Dataset excerpt
———

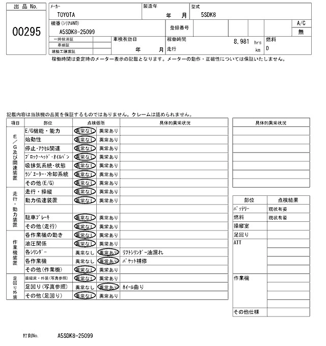 Статус выставлен на аукцион Лот 295 Аукцион ARAI Kenki Дата аукциона 03.02.2026
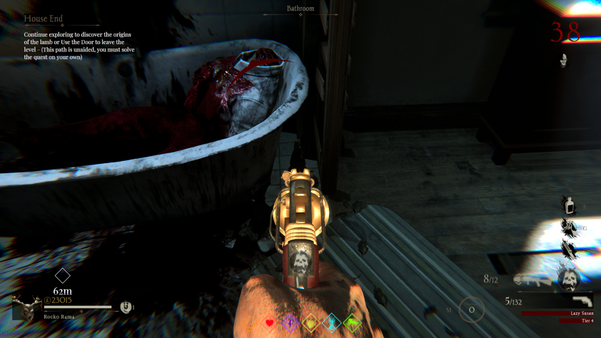 There are fifteen House of the Damned dolls in Sker Ritual, and they all have a shiny golden sheen, making them easier to spot. However, with the dark backgrounds, I recommend increasing your game’s brightness to 200% to make them even easier to find. Moreover, I’ve marked each doll in every screenshot using my weapon’s crosshair. Lastly, match the room’s name at the top of your screen to avoid searching for a particular doll in the wrong area.
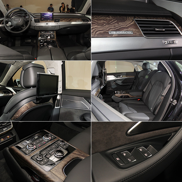 內裝部分,臺灣市場的A8 L W12並未選用四獨立座椅的配至,儘管如此,仍然配置有前22向、後12向電動調整座椅,並且整合通風、加熱與按摩功能,同時,右後座還可直接控制附駕駛座椅背角度,以迎合後座買家的舒適需求。身為Audi家族的頂級旗艦,A8 L W12的安全配備不僅與S8同級,還另外搭配360度環景顯影系統、擬真停車輔助圖示,以及整合行人與大型物體標示功能的夜視行車輔助系統,已建構完善的安全保壘。

———

Task item
In your copy of the material, every word must match and no image should appear.

Solution to the problem
 Статус выставлен на аукцион Лот 295 Аукцион ARAI Kenki Дата аукциона 03.02.2026
 There are fifteen House of the Damned dolls in Sker Ritual, and they all have a shiny golden sheen, making them easier to spot. However, with the dark backgrounds, I recommend increasing your game’s brightness to 200% to make them even easier to find. Moreover, I’ve marked each doll in every screenshot using my weapon’s crosshair. Lastly, match the room’s name at the top of your screen to avoid searching for a particular doll in the wrong area.
 內裝部分,臺灣市場的A8 L W12並未選用四獨立座椅的配至,儘管如此,仍然配置有前22向、後12向電動調整座椅,並且整合通風、加熱與按摩功能,同時,右後座還可直接控制附駕駛座椅背角度,以迎合後座買家的舒適需求。身為Audi家族的頂級旗艦,A8 L W12的安全配備不僅與S8同級,還另外搭配360度環景顯影系統、擬真停車輔助圖示,以及整合行人與大型物體標示功能的夜視行車輔助系統,已建構完善的安全保壘。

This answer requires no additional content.